How are geohelminths transmitted?
Geohelminths are transmitted by five different parasites that infect only humans: Ascaris lumbricoides and Trichuris trichiura, which infect a person that ingests the parasite eggs; and Necator americanus, Ancylostoma duodenale and Strongyloides stercolaris, which infect through larva penetration of the person skin.
There are effective medications against these parasites. To control severe infections, the World Health Organization (WHO) developed basic guidelines that indicate treatment with single doses of Albendazole or Mebendazole for supply in schools once or twice a year, depending on the number of infected children:
- If the percentage of infected children is less than 20%, the treatment is applied individually;
- If the percentage ranges between 20 and 50%, all children in the school should be treated (mass administration) once a year;
- If the percentage is greater than 50%, all children should be treated in the school (mass administration) twice a year.

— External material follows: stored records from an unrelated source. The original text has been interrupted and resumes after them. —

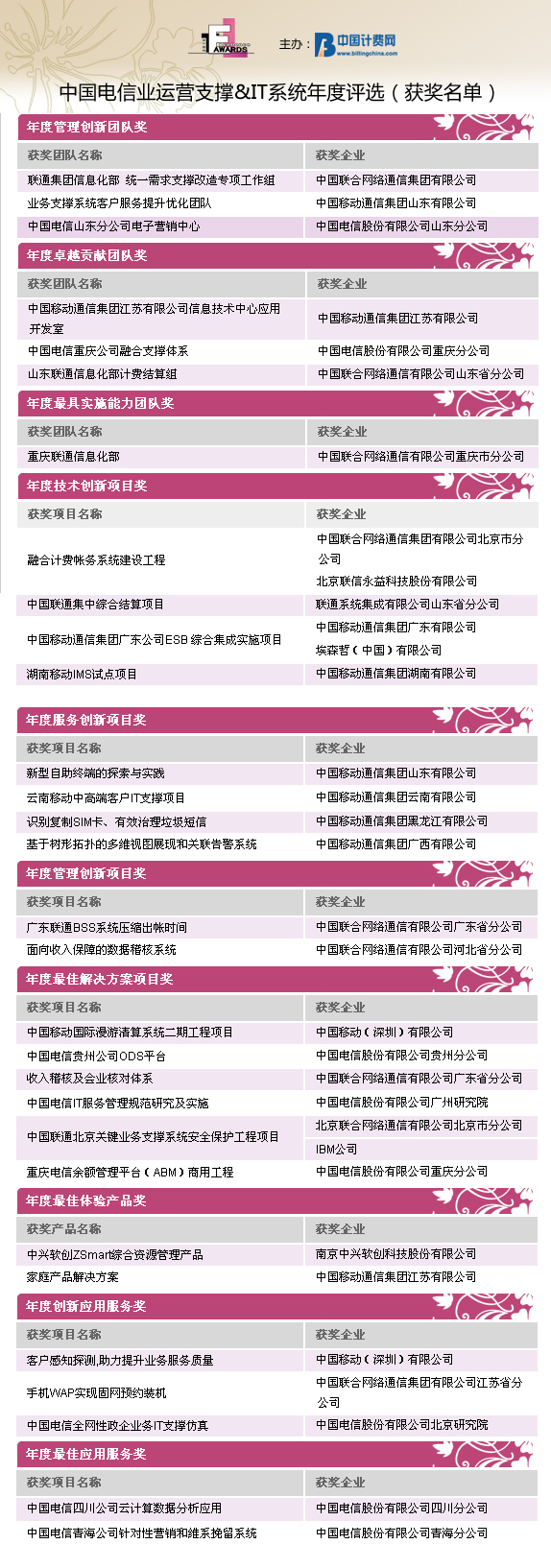 由中國計費(fèi)網(wǎng)(www.billingchina.com)主辦的“Awards2010”第四屆中國電信業(yè)運(yùn)營支撐&IT系統(tǒng)年度評選活動的結(jié)果于2011年元月31日隆重揭曉。自2010年12月1日評選活動正式啟動以來,歷時兩個月,來自國內(nèi)運(yùn)營商集團(tuán)、省級公司、IT產(chǎn)品與服務(wù)提供商的42家企業(yè)的優(yōu)秀產(chǎn)品、項目和團(tuán)隊共計70份參評項目入圍評選。經(jīng)過全面征集、選拔、初審以及評委團(tuán)的嚴(yán)格評審,評選結(jié)果已經(jīng)公示。在30位來自運(yùn)營商IT支撐、業(yè)務(wù)和服務(wù)部門的威權(quán)評委們的認(rèn)真評審后,共有27家企業(yè)分別獲得了30個Awards2010的團(tuán)隊/項目/產(chǎn)品/應(yīng)用服務(wù)的榮譽(yù)桂冠。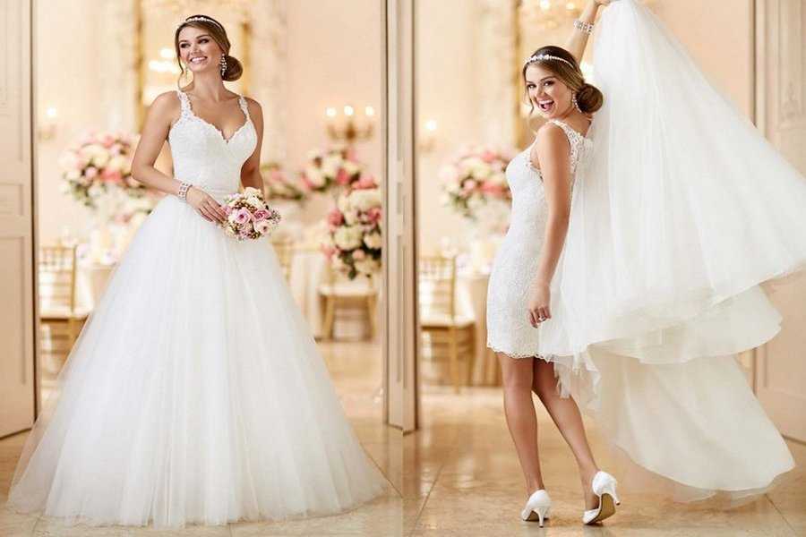 Достаточно интересное решение для активных невест, любящих комфорт и удобство. Ведь юбку до пят можно надеть на официальную часть в ЗАГС или венчание, если таковое планируется, а на банкете показать всем свои стройные ножки и вдоволь потанцевать, сняв одним движением руки длинный подол.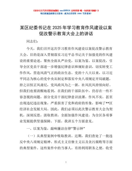 / 某区纪委书记在2025年学习教育作风建设以案促改警示教育大会上的讲话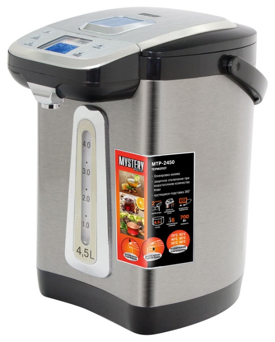 Фирма-производитель оставляет за собой право на внесение изменений в конструкцию, дизайн и комплектацию товара: Термопот Mystery MTP-2450. Пожалуйста, сверяйте информацию о товаре с информацией на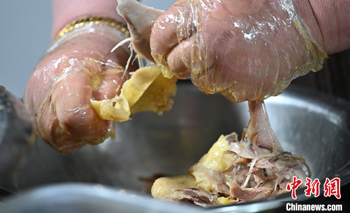 “一天煮一锅,水开后放入花椒、生姜、咸盐,去腥味增香味,我家一锅炖煮80只鸡,足足需要5个小时,刚好到午饭的时候出锅。”每天清晨,沙飞和李霞就开始在店里忙活。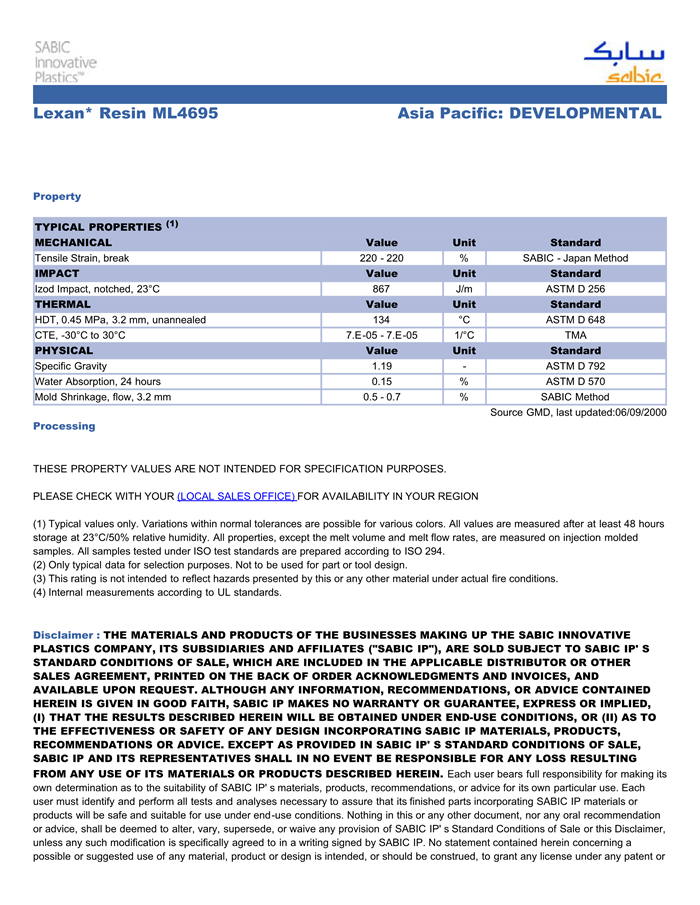 应用范围:产品描述LEXAN PC ML4695物性表
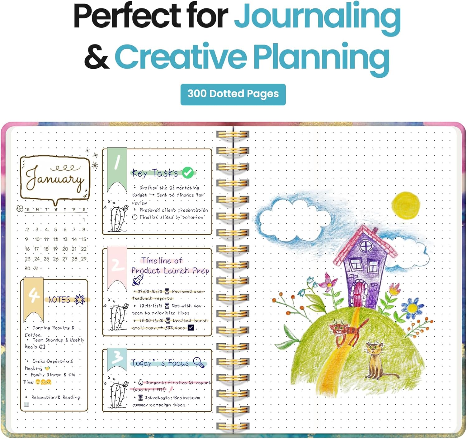- 300 Pages Dotted Journal: Unleash your creativity with 5mm dot grid pages—ideal for journaling, sketching, planning, or goal tracking. Whether you’re using it as a work notebook, journal for writing, or notebook for school, it fits easily into your daily routine.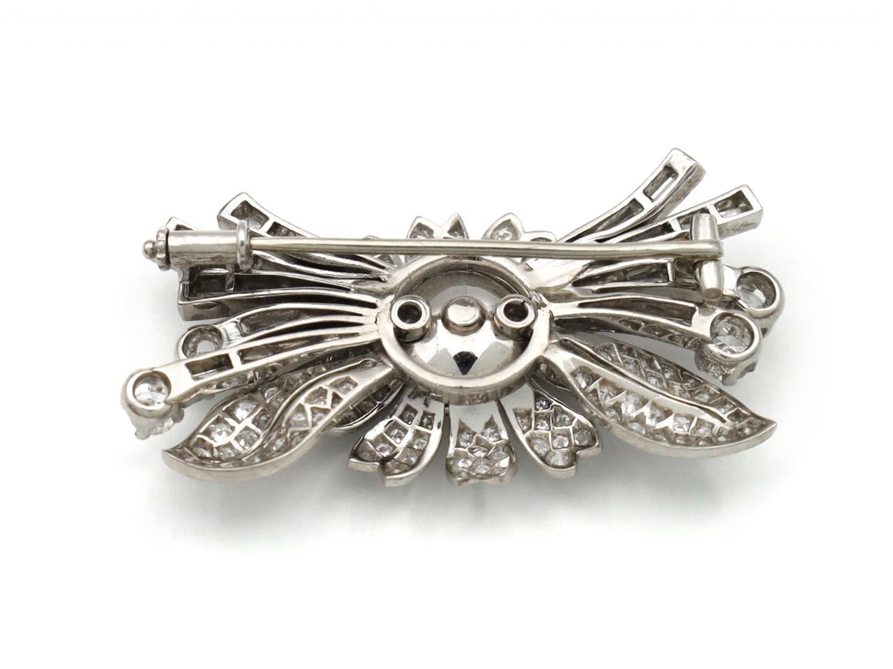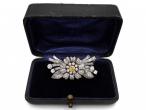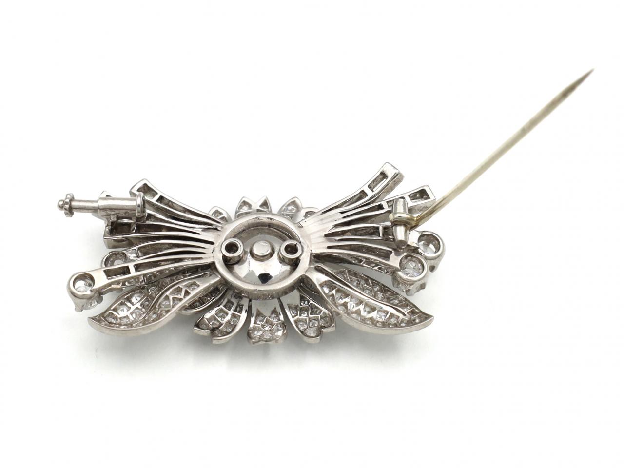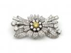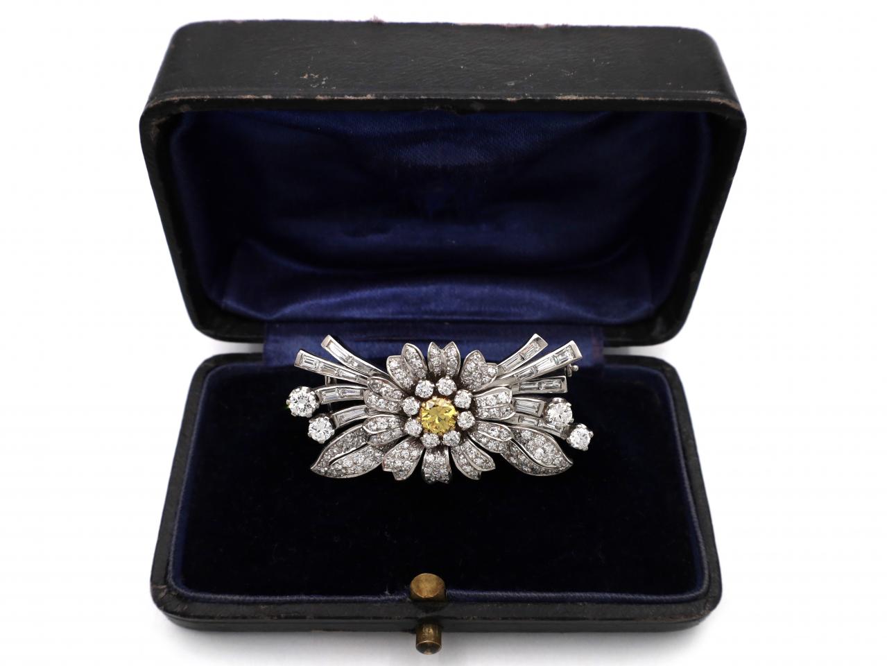 Vintage 1950s fancy yellow diamond and diamond flower brooch in platinum. Centred with an estimated 0.50ct round brilliant cut fancy yellow diamond in a raised claw setting, surrounded and flanked by round brilliant cut diamonds in grain and claw settings and rectangular baguette cut diamonds in channel settings, to a floral motif complete with detailed scalloped petals, openwork leaves and sprawling foliate motifs, fitted to the reverse with a secure hinged pin and safety latch. Marked 18kt gold.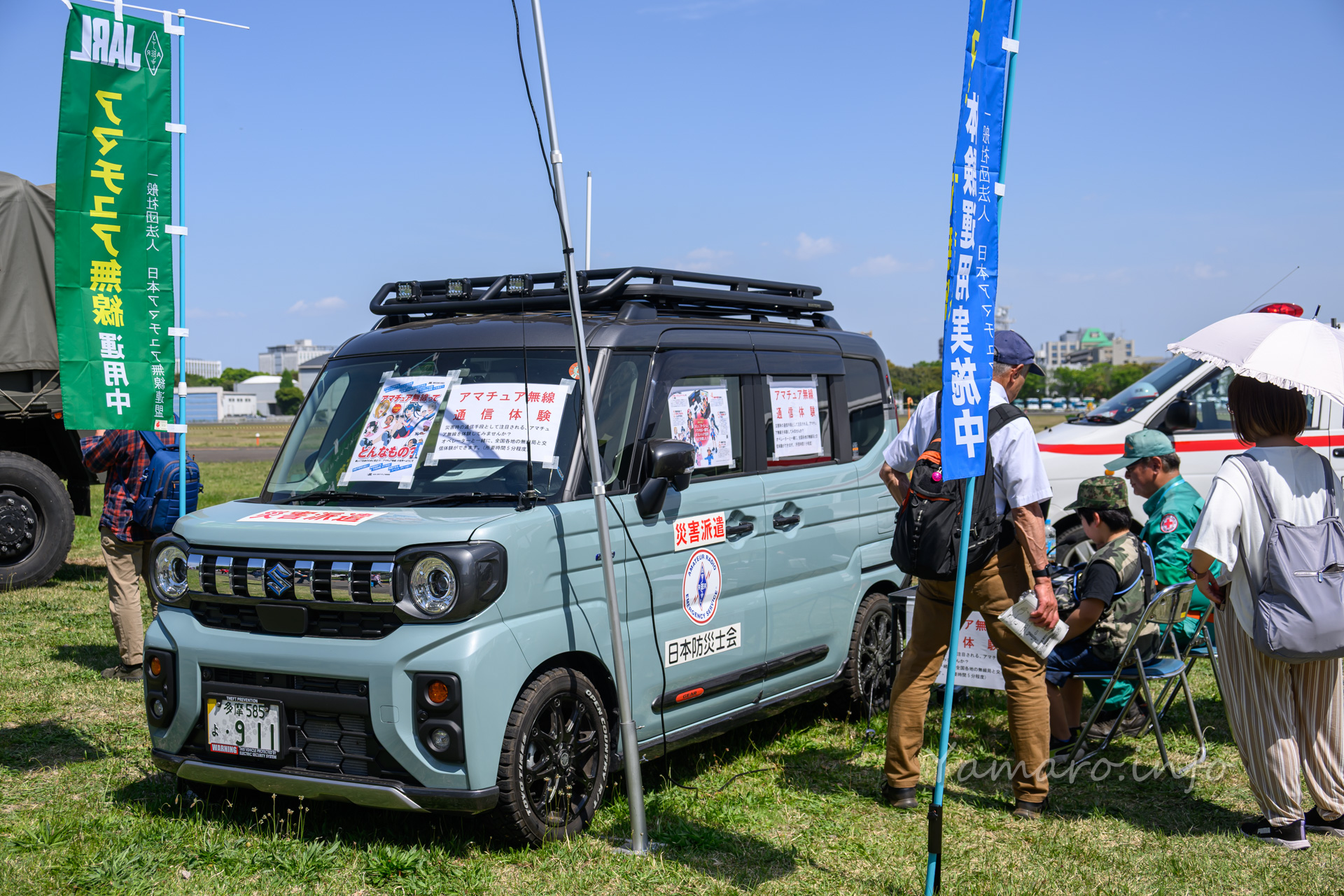 面白いのは日本アマチュア無線連盟(JARL)も災害時の通信手段としてアマチュア無線を実演していました。

While these guidelines serve to prevent infected children from suffering the serious consequences that geohelminths may cause, mass treatment fails to interrupt transmission to other people for three main reasons:
- A single dose of Albendazole or Mebendazole does not cure children completely (therefore, they continue to excrete eggs or larvae in their faeces)
- Adults are not treated, so they can also continue to excrete eggs or larvae in their faeces (especially uncinaries)
- Neither of the medicines used by WHO are effective against the geohelmith Strongyloides stercolaris.
What are geohelminths?
Soil-transmitted helminths, commonly known as intestinal parasites, generally affect the poorest communities of the world.
They are transmitted through contact with parasite eggs excreted in infected people’s faeces, which contaminate the soil in poor-sanitation areas. There is no direct transmission from person to person.
Geohelminthiasis have a great impact on the social and economic development of communities with high prevalence of helminthiasis because they affect the work capacity of adults and school attendance.
Good hygiene practices, such as hand washing and personal hygiene, are measures that prevent this type of infection. In addition, in places of high risk, children should use footwear to avoid infection by contaminated soil.
What does Fundación Mundo Sano do for geohelminthiases?
To combat geohelminthiasis, we work on prevention, diagnosis and treatment, by developing programs and projects aligned with our three pillars: translational research, knowledge dissemination and public-private cooperation.
Since 2015, we have promoted a comprehensive approach to these diseases through Comprehensive Community Intervention Programs for the Prevention and Control of Intestinal Parasites, both in Argentina and in Spain, Ethiopia and Mozambique.
In Argentina, we work in collaboration with the National Laboratories and Health Institutes Administration (ANLIS); in Spain and Ethiopia with the National Centre for Tropical Medicine of the Carlos III Health Institute (Madrid) and the Bahir Dar University (Amhara Region, Ethiopia); and in Mozambique with the Health Research Centre of Manhiça and the Global Health Institute Global (ISGlobal) of Barcelona.
In 2016, we joined the Global Handwashing Day promoted by the Global Handwashing Partnership. Since then, we have carried out prevention activities in schools of the localities where we have our offices: Pampa del Indio, Clorinda, Tartagal, Añatuya and Puerto Iguazú.